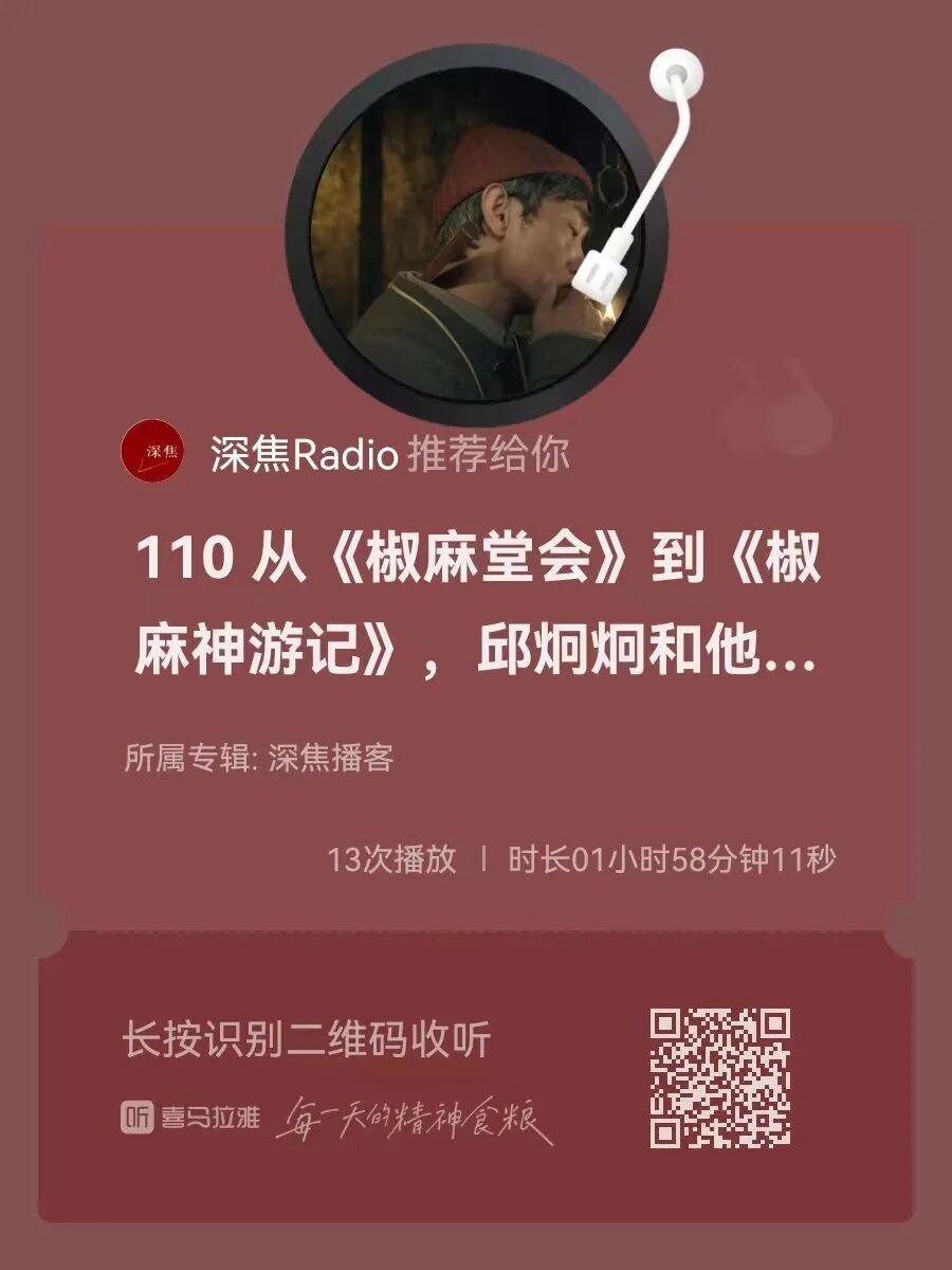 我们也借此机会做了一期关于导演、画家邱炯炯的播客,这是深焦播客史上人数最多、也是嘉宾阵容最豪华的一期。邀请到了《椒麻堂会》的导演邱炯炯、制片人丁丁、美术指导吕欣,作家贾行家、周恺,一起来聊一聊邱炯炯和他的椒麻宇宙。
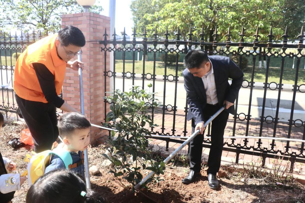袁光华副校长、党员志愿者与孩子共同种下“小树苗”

=-=-=

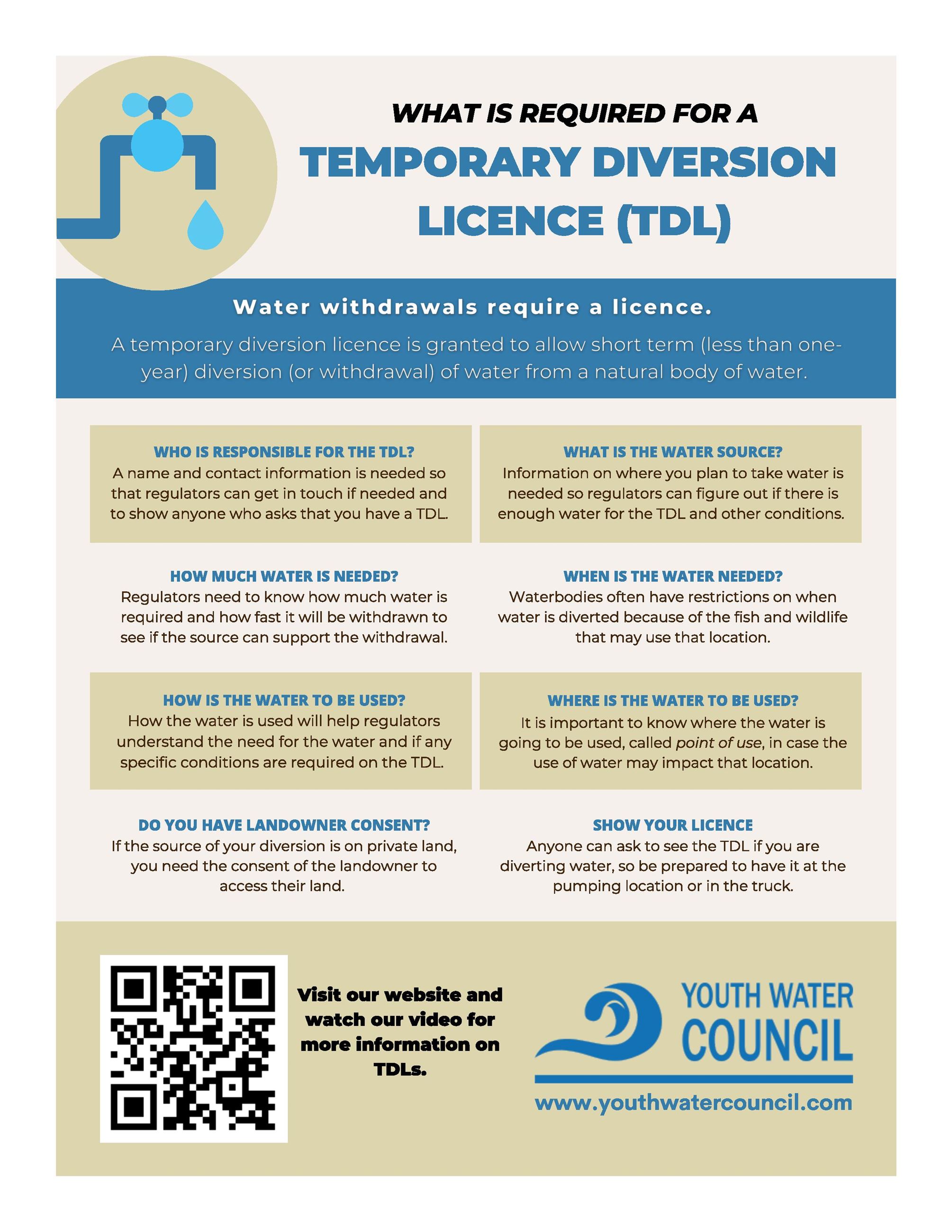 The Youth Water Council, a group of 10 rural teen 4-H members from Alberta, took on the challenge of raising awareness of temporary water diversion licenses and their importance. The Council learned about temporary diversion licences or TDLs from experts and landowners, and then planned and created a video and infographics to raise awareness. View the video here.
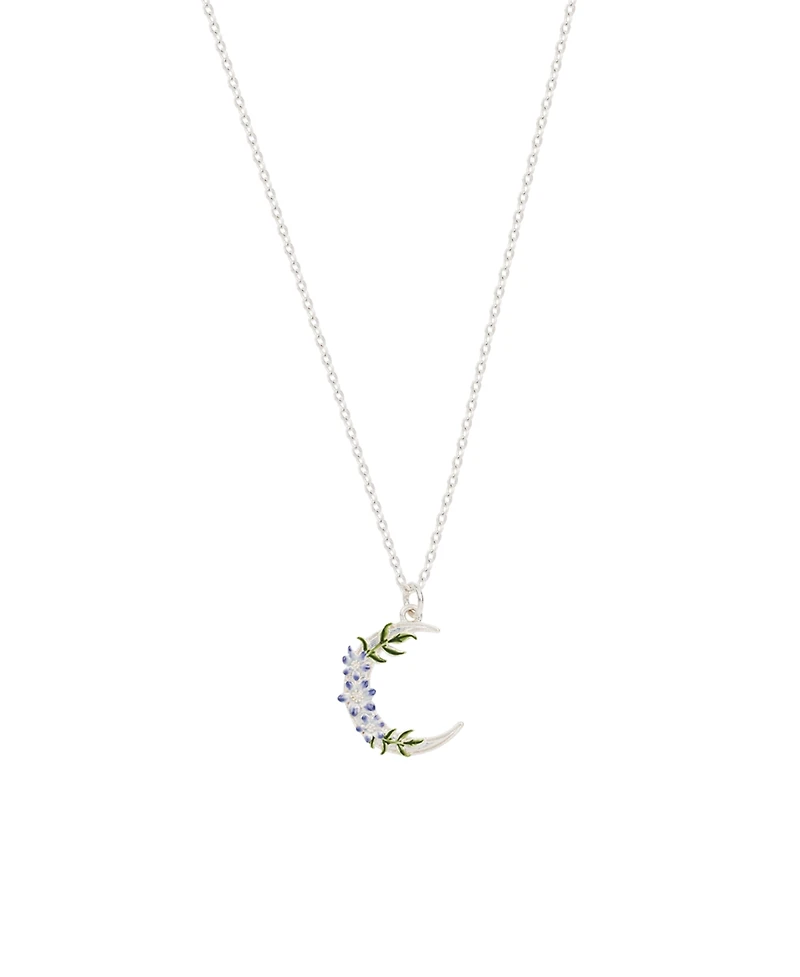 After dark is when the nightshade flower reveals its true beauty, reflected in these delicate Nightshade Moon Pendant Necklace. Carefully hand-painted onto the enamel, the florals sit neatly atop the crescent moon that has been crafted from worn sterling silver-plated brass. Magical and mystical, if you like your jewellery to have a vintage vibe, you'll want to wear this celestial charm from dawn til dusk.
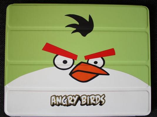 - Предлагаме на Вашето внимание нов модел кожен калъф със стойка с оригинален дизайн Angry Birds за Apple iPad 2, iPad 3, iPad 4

=-=-=

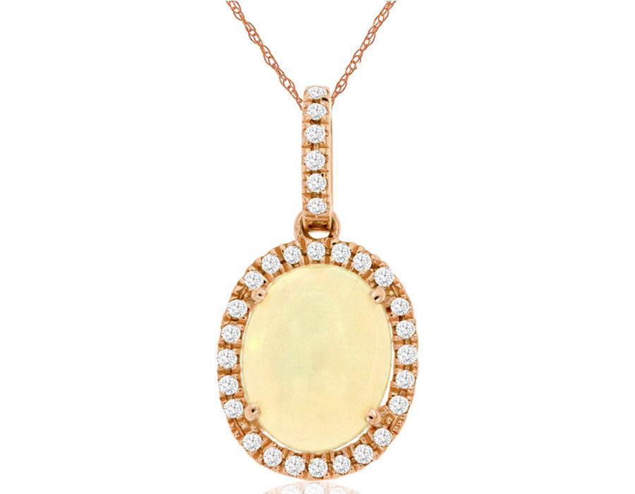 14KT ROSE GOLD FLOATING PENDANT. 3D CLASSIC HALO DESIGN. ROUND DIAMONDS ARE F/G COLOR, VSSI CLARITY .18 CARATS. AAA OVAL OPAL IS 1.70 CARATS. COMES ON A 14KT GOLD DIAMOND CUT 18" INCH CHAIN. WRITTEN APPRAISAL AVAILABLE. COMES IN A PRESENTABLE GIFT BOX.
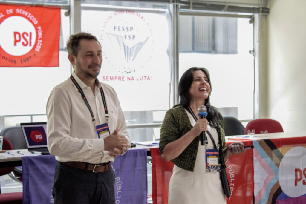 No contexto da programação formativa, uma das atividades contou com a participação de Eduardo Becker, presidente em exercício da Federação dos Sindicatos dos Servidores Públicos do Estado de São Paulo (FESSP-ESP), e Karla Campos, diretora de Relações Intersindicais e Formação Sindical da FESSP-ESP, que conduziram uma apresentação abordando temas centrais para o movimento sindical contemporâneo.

=-=-=

THE PROBLEM:
Starting at the line containing "After dark is" and stopping at the line containing "- Предлагаме на", output every line above exactly, both ends included, with pictures omitted.

TASK RESPONSE:
 After dark is when the nightshade flower reveals its true beauty, reflected in these delicate Nightshade Moon Pendant Necklace. Carefully hand-painted onto the enamel, the florals sit neatly atop the crescent moon that has been crafted from worn sterling silver-plated brass. Magical and mystical, if you like your jewellery to have a vintage vibe, you'll want to wear this celestial charm from dawn til dusk.
 - Предлагаме на Вашето внимание нов модел кожен калъф със стойка с оригинален дизайн Angry Birds за Apple iPad 2, iPad 3, iPad 4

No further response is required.